Why do we need research on menopause?
- In recent years, menopause has gained a lot of attention in media, social media and popular culture. We need to understand what this tells us about gender and about differently situated women’s lives and careers and identity construction. When working on the topic of menopause, I am deeply committed to expanding understandings of different experiences of menopause beyond the over-researched majoritarian population. To that end, we will be working closely with qualitative researchers in reaching a broader segment of the population. For me, it is especially important to learn from and work with health practitioners who serve women with migration experiences and those who live in areas that are almost entirely neglected by today’s politicians. In a time when large parts of the population are constructed as a problem to be regulated, criminalised and deported, it is especially important to attend to health concerns, including reproductive health and menopause.
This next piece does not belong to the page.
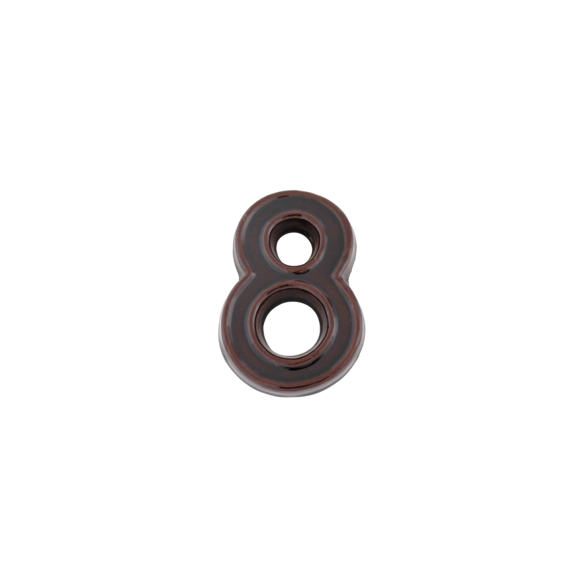 Kerámia házszám, barna színben. Rögzítéshez tartozékok: 2 db tipli + 2 csavarszár (tipli mérete: 8x50 mm, csavarszár mérete: M5x35 mm).A házszám magassága csomagolás nélkül: 12cm; a termék szélesség és mélység adata a számok különbözősége és anyaga miatt, valamint a gyártás során változhat, így ezen adatok a csomagolt termék adatok.

Beyond being part of the management group of WHOLE, Ulrika hopes to contribute to acquiring additional funding for interdisciplinary research on menopause, especially for emerging scholars in the post doctorate phase.
More about WHOLE
Led by Uppsala University, in partnership with key researchers at the Karolinska Institutet and relevant stakeholders, the proposed Centre will unite leading expertise, novel methodologies and unique datasets to pursue cutting-edge research aligned with Sweden’s national initiative on Women’s Health and Diseases. The vision is to build a dynamic, interdisciplinary, and sustainable research environment that advances women’s health—focusing on conditions at the intersection of reproductive transitions, mental health, and pain (e.g. endometriosis, premenstrual distress, perinatal depression and childbirth-related pain); conditions that exclusively or disproportionately affect women and remain under diagnosed, under treated, or poorly supported in healthcare. These areas are often marked by knowledge gaps, reductionist research, fragmented care, and large groups with unmet needs. WHOLE’s interdisciplinary and participatory approach bridges clinical, cultural, and existential perspectives across women’s life course.
Bringing together 17 disciplines from technology and medicine to social sciences and the humanities, WHOLE will address biological, psychological, social, and cultural dimensions of women’s health through experimental research, longitudinal cohorts, AI-driven prediction, patient-centered interventions, digital humanities, and participatory methods.
The Centre’s research will deepen understanding of hormone sensitivity, neuro-immune pathways, and brain aging; develop diagnostic innovations and precision interventions; and inform preventive and stepped-care models for under recognised conditions at the intersection of gynaecology and psychiatry. Moreover, WHOLE will investigate social determinants, inequities, legal-ethical challenges, as well as cultural representations shaping women’s experiences of health and care. Close collaboration with patients, advocacy groups, healthcare providers, and policymakers will ensure that research translates into practice, bridging critical knowledge gaps while promoting a holistic, equitable, and historically informed understanding of common yet neglected conditions.
By pioneering new models of research and care, WHOLE will improve health outcomes, reduce stigma, and advance equity for women across their lifespan. Its impact will extend well beyond academia, contributing to the UN Agenda 2030 goals on health, gender equality, and reduced inequalities—ensuring both scientific excellence and tangible societal benefit.